**INSTRUCTIONS FOR THE TASK**
Copy the entries below exactly. Images do not belong in the copy.

**INPUT FOR THIS TASK**
>>>

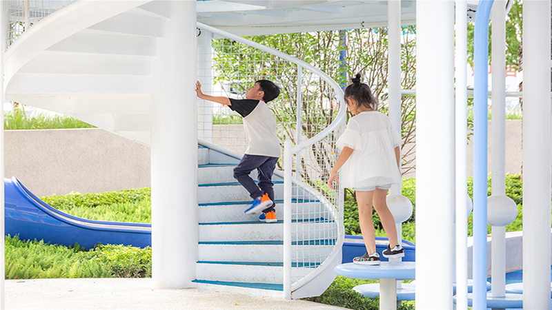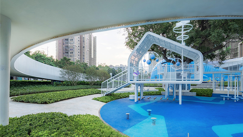 社区休闲空间游乐场所的设计围绕着老树,建造了一座悬浮在空中的景观廊桥,廊桥与原建筑室外平台相连,形成上下贯通的步道,多方位的空间流线增强了自由性和开放性,同时也让空间更加新颖有趣。
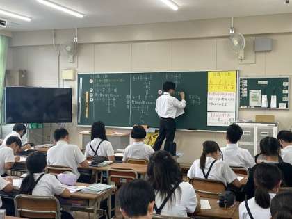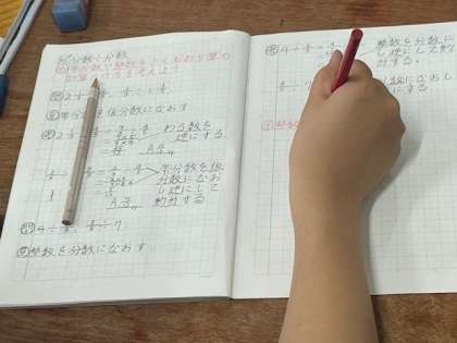 6年生は、算数科で「分数のわり算」で分数÷分数の学習をしています。昨日の学習のめあては「帯分数や整数をふくむわり算の計算の仕方を考えよう」。子どもたちは、これまでの学習をもとに解決の見通しをたて、解答を導き出していました。6年生らしく、自分の言葉で意見を述べたり、ノートを見やすくまとめたりもできていました。
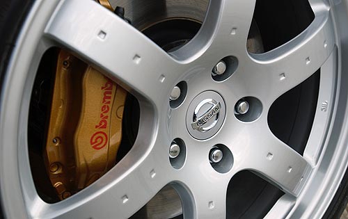 350Z的懸掛是全獨立式的,前后懸掛都是多連桿式的,懸掛都采用鋁來制造,目的式為了進一步減輕車重。為了加強制動效果,350Z配備了ABS和EBD以及通風盤式剎車碟,這些又大又厚的剎車碟通過大尺寸的卡鉗來牢牢鉗緊。在某些車型上(比如Track)還裝備了VDC穩(wěn)定控制系統(tǒng)。
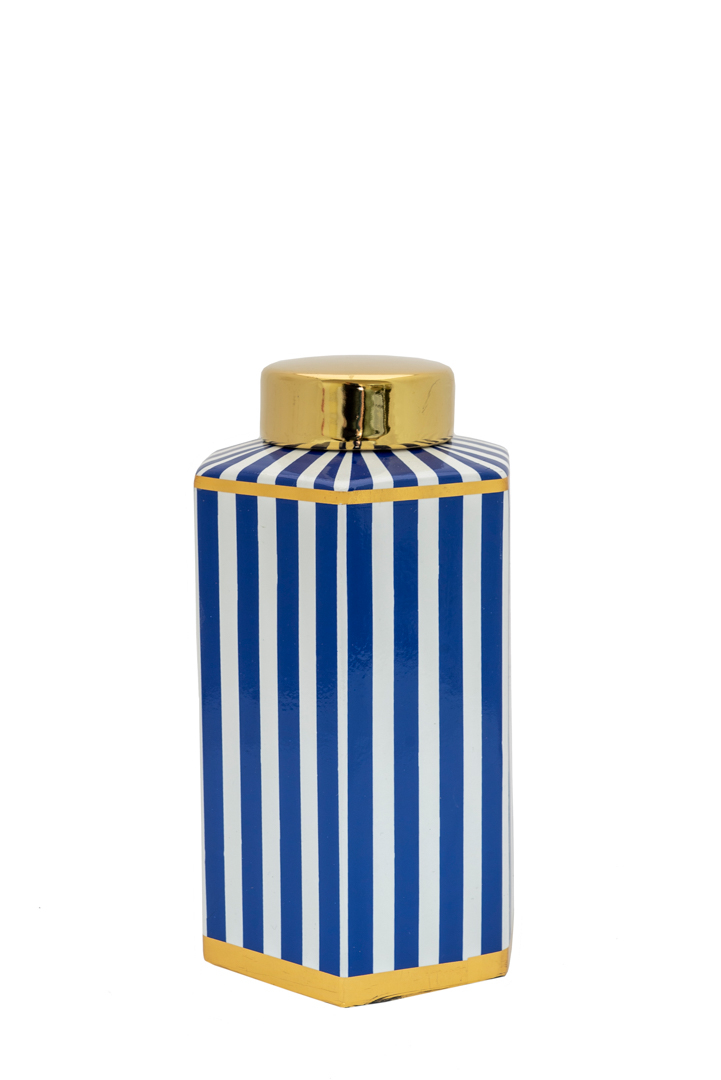 ΔΙΑΚΟΣΜΗΤΙΚΟ ΒΑΖΟ ΚΕΡΑΜΙΚΟ ΠΟΛΥΓΩΝΙΚΟ ΡΙΓΕΣ ΜΠΛΕ ΛΕΥΚΟ ΜΕ ΧΡΥΣΟ ΚΑΠΑΚΙ 14Χ13Χ24ΕΚΕΚ
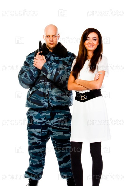 Молодая красивая женщина и офицер полиции
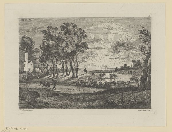 Editor: This is "Dance Under the Trees (Landscape with Rural Dance)," an engraving by Claude Lorrain, made in 1742. The scene feels very composed, almost staged, like a theatrical pastoral scene. What statements about society do you think Lorrain is trying to make here? Curator: Considering the period and Lorrain's other works, it speaks to the idealized view of rural life held by the aristocracy. It presents a fantasy, obscuring the realities of peasant labor and the hierarchical structures of power. It presents a specific intersection of wealth, leisure, and class, carefully constructed. Do you see any subtle indicators of this social positioning within the engraving itself? Editor: Well, the figures aren't really *working*; they're dancing or relaxing. There's no visible hardship. It's all leisure, like they're putting on a show for themselves. Curator: Exactly! This is key. Look at the landscape too. Is it wild and untamed? Or carefully curated and "picturesque"? Lorrain, though celebrated for his landscapes, often catered to the tastes of wealthy patrons, reinforcing their vision of an ordered, controlled world. His are less records of nature and more statements on ownership and social order. How might we relate this to contemporary concerns of environmental justice and the commodification of nature? Editor: I hadn't thought of it that way, but it makes total sense. It's less about the "dance" and more about who has the privilege to dance in the first place. It certainly opens up the image to a more complex and challenging interpretation. Curator: Indeed. Art gives us opportunities to decode historical narratives, revealing underlying assumptions about class, power, and the romanticization of labor. It highlights that art doesn't exist in a vacuum but is very much part of wider social constructs.

<<<

**TASK SOLUTION**
 社区休闲空间游乐场所的设计围绕着老树,建造了一座悬浮在空中的景观廊桥,廊桥与原建筑室外平台相连,形成上下贯通的步道,多方位的空间流线增强了自由性和开放性,同时也让空间更加新颖有趣。
 6年生は、算数科で「分数のわり算」で分数÷分数の学習をしています。昨日の学習のめあては「帯分数や整数をふくむわり算の計算の仕方を考えよう」。子どもたちは、これまでの学習をもとに解決の見通しをたて、解答を導き出していました。6年生らしく、自分の言葉で意見を述べたり、ノートを見やすくまとめたりもできていました。
 350Z的懸掛是全獨立式的,前后懸掛都是多連桿式的,懸掛都采用鋁來制造,目的式為了進一步減輕車重。為了加強制動效果,350Z配備了ABS和EBD以及通風盤式剎車碟,這些又大又厚的剎車碟通過大尺寸的卡鉗來牢牢鉗緊。在某些車型上(比如Track)還裝備了VDC穩(wěn)定控制系統(tǒng)。
 ΔΙΑΚΟΣΜΗΤΙΚΟ ΒΑΖΟ ΚΕΡΑΜΙΚΟ ΠΟΛΥΓΩΝΙΚΟ ΡΙΓΕΣ ΜΠΛΕ ΛΕΥΚΟ ΜΕ ΧΡΥΣΟ ΚΑΠΑΚΙ 14Χ13Χ24ΕΚΕΚ
 Молодая красивая женщина и офицер полиции
 Editor: This is "Dance Under the Trees (Landscape with Rural Dance)," an engraving by Claude Lorrain, made in 1742. The scene feels very composed, almost staged, like a theatrical pastoral scene. What statements about society do you think Lorrain is trying to make here? Curator: Considering the period and Lorrain's other works, it speaks to the idealized view of rural life held by the aristocracy. It presents a fantasy, obscuring the realities of peasant labor and the hierarchical structures of power. It presents a specific intersection of wealth, leisure, and class, carefully constructed. Do you see any subtle indicators of this social positioning within the engraving itself? Editor: Well, the figures aren't really *working*; they're dancing or relaxing. There's no visible hardship. It's all leisure, like they're putting on a show for themselves. Curator: Exactly! This is key. Look at the landscape too. Is it wild and untamed? Or carefully curated and "picturesque"? Lorrain, though celebrated for his landscapes, often catered to the tastes of wealthy patrons, reinforcing their vision of an ordered, controlled world. His are less records of nature and more statements on ownership and social order. How might we relate this to contemporary concerns of environmental justice and the commodification of nature? Editor: I hadn't thought of it that way, but it makes total sense. It's less about the "dance" and more about who has the privilege to dance in the first place. It certainly opens up the image to a more complex and challenging interpretation. Curator: Indeed. Art gives us opportunities to decode historical narratives, revealing underlying assumptions about class, power, and the romanticization of labor. It highlights that art doesn't exist in a vacuum but is very much part of wider social constructs.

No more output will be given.